With the Xeon 7400 processors inside, platforms can scale up to 16 processor sockets, delivering servers with up to 96 processing cores inside, according to Intel. This provides increased scalability, computing threads and memory resources as well as greater reliability for data centers.

"This scales a lot farther than any of the existing server processors in Intel's existing family. Up until now, to scale, you had to go to multiple sockets. That is a little more complicated and a little more costly to do. Any time you can add more horsepower in general is a benefit, especially when you think about the virtualized environment, because the virtualization process chews up horsepower," explained Ian Lao, an analyst at In-Stat.

Based on Intel's 45nm high-k process technology and transistors using a Hafnium-based, high-k metal gate formula, the 7400 series provide enhanced performance while consuming less power. In some instances, the chips offer a 50 percent performance boost and as much as a 10 percent reduction in platform power, Intel said.

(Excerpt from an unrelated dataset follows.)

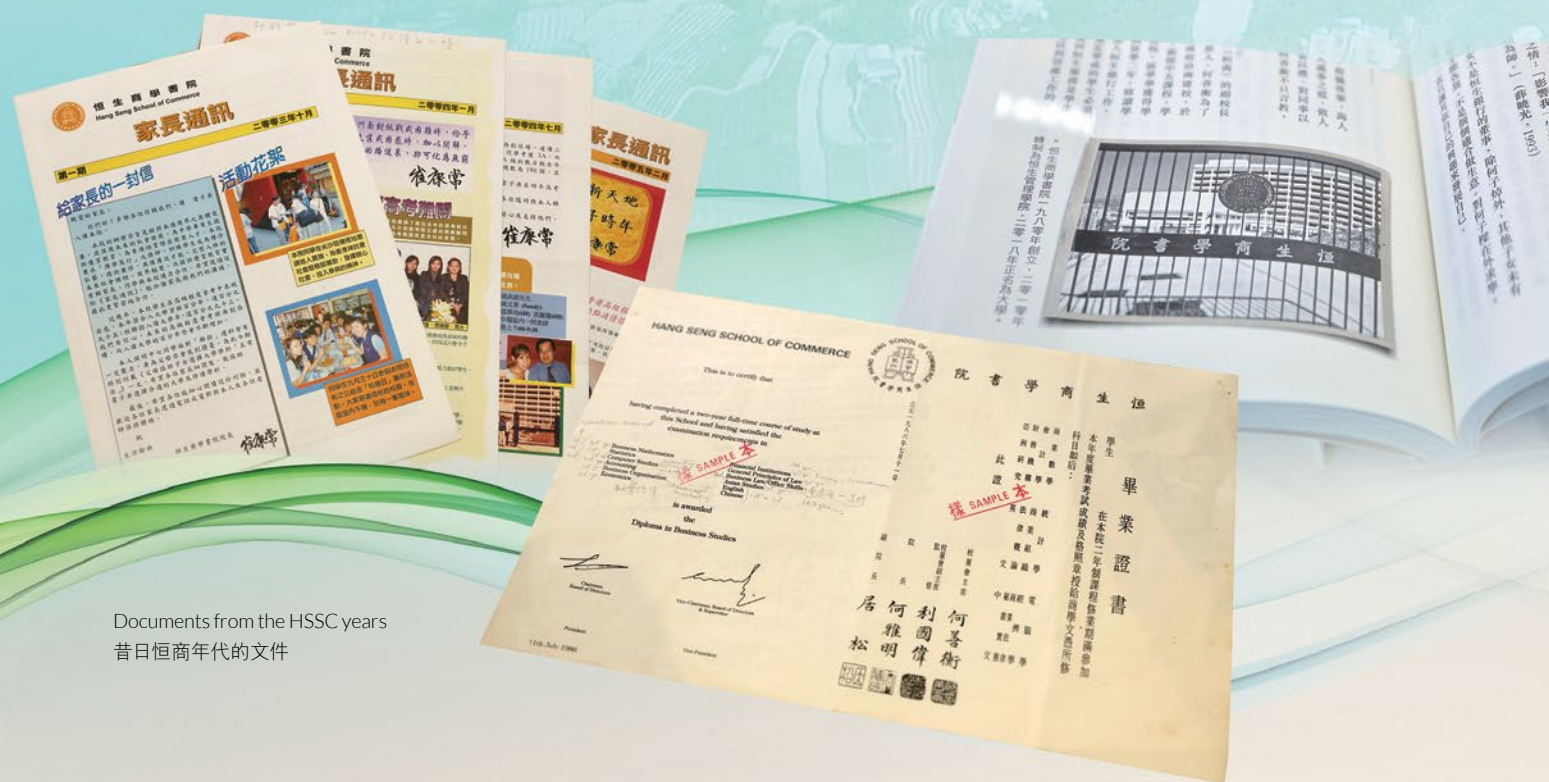
Documents from the HSSC years 昔日恒商年代的文件

所謂「檔案」，意指文件、歷史紀錄。恒生大學開校45年來，產生無數教學、行政文件和學術文章等。為籌備建立「大學校史廊」，大學檔案及特藏組需蒐集建校以來的歷史文物作展覽。然而早期恒商年代的文獻沒有有系統地保存，散落在不同持份者手上，在校方努力和有心人捐贈下，一些昔日文獻例如恒商課程表、入學申請表、舊相片、政府信函等得以展出，重現公眾眼前。

"45 nm is good because you know have the thermal and power management capabilities on that node. When you have a smaller process node, you can run the part at a lower voltage and clock it faster," Lao told TechNewsWorld.

The 45 nm factor is a big benefit because IT administrators will no longer have to use "big, beefy power supplies -- instead they can use mid-range power supplies," Lao continued.

Virtual Welcoming Party

The 7400 series features the company's Virtualization Technology FlexMigration, which allows enterprises to standardize their virtual infrastructures by enabling virtual machine migration from previous-, present- and future-generation Core microarchitecture-based platforms, Intel said.

That functionality in intended to provide investment protection for administrators looking to establish pools of virtualized systems and use them to facilitate disaster recovery, load balancing and optimizing tasks for server maintenance and downtime, the company continued.

The chips fit well into virtualized scenarios, said Gary Chen, principal analyst at McChen Research.

"Like most processor advancements, it's all about faster, more cores, more cache. I think the big feature, though, is the FlexMigration. This will really enable enterprises to open up their VM migration," he told TechNewsWorld.

"This eliminates a lot of that restrictiveness. The next big thing for Intel will be extended page table support, which will specifically boost [virtual machine] performance. That will be part of the Nahalem release," he added.